Reklama

Kultura

Boże Ciało – święto z tradycją sięgającą XIV wieku

Angelika Fila
Dodano: 30.05.2024
Boże Ciało. Fot. Tadeusz Poźniak
Boże Ciało. Fot. Tadeusz Poźniak
Share
Udostępnij

Z dr Jolantą Dragan, kustoszem Muzeum Kultury Ludowej w Kolbuszowej, rozmawia Angelika Fila

Angelika Fila: Przed nami święto Bożego Ciała. Z jakiej okazji je obchodzimy i kto je ustanowił? 

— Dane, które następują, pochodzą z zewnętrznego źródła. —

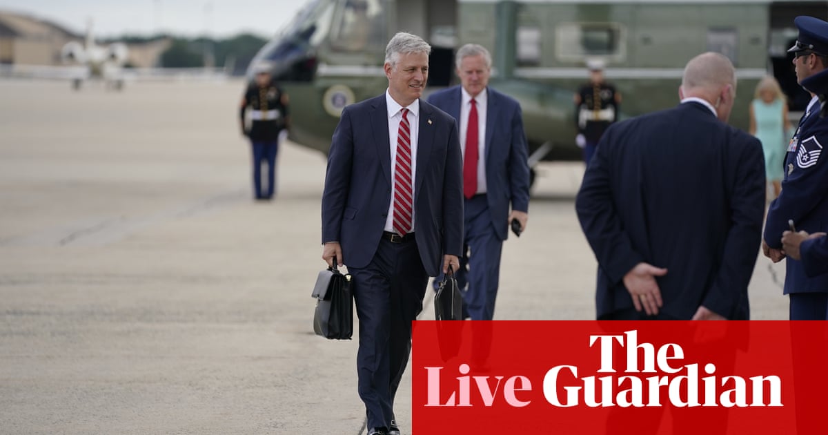 Republicans are proposing $1tn while Democrats want closer to $4tn How the global climate fight could be lost if Trump is re-elected Inside the elite border patrol unit Trump sent to Portland Sign up to our First Thing newsletter 1.28pm BST On Friday, the US supreme court ruled against a Nevada church which said coronavirus-inspired limits on attendance were unconstitutional. Chief Justice John Roberts sided with the court’s four liberals on the case, causing further angst on the right. Now, the Associated Press reports that “more than 40 people were infected with the coronavirus after attending a multi-day revival event at a north Alabama Baptist church, according to the congregation’s pastor. “The whole church has got it, just about,” Al.com quoted pastor Daryl Ross of Warrior Creek Missionary Baptist Church in Marshall county as saying. The pastor says the churchgoers, including himself, tested positive after the congregation held a series of religious services featuring a guest pastor over several days last week. Related: John Roberts sides with supreme court liberals over Nevada church Covid opening 1.19pm BST There has been another night of trouble in Portland, where protesters for policing reform and against structural racism have been out every night since the killing of George Floyd by police in Minneapolis at the end of May. Once again, confrontations centered on the federal courthouse in downtown Portland, where agents sent in by Trump are based. Ammunition and destructive devices recovered at Lownsdale Square Park (Photo) https://t.co/k4ZmvTzlh6 pic.twitter.com/xHaLZM8uWi Related: Portland: protesters bring down fence as confrontation with Trump agents rises 1.07pm BST …and welcome to another day of coverage of the coronavirus pandemic in the US, the election campaign, protests in Portland and other cities and a lot more besides. According to Johns Hopkins University, the US has now recorded more than 4.2m cases of Covid-19 and nearly 147,000 people have died. According to the Covid Tracking Project at the Atlantic, the seven-day average for deaths across the US is back above 900, where it was in early June. Related: ‘These are his people’: inside the elite border patrol unit Trump sent to Portland Related: How the global climate fight could be lost if Trump is re-elected Continue reading…

Dr Jolanta Dragan: Święto Bożego Ciało zostało ustanowione ku czci Najświętszego Sakramentu. W historii ma to związek z obchodami, które po raz pierwszy miały miejsce w połowie XIII w. w Belgii. Jedna z zakonnic, św. Julianna z Cornillon zobaczyła w swoich widzeniach tarczę słoneczną z ciemną plamą w środku, co uznała za objawienie. Ponadto w katedrze w Niemczech podczas nabożeństwa jedna z hostii zaczęła krwawić. Te dwa wydarzenia uznane zostały za cud i kościół katolicki przyjął datę widzenia za dni, które powinny zostać uznane za święte. Na początku XIV w. w związku z tymi nadzwyczajnymi wydarzeniami ustanowiono Święto Najświętszego Ciała Chrystusa, dziś nazywane w skrócie Bożym Ciałem.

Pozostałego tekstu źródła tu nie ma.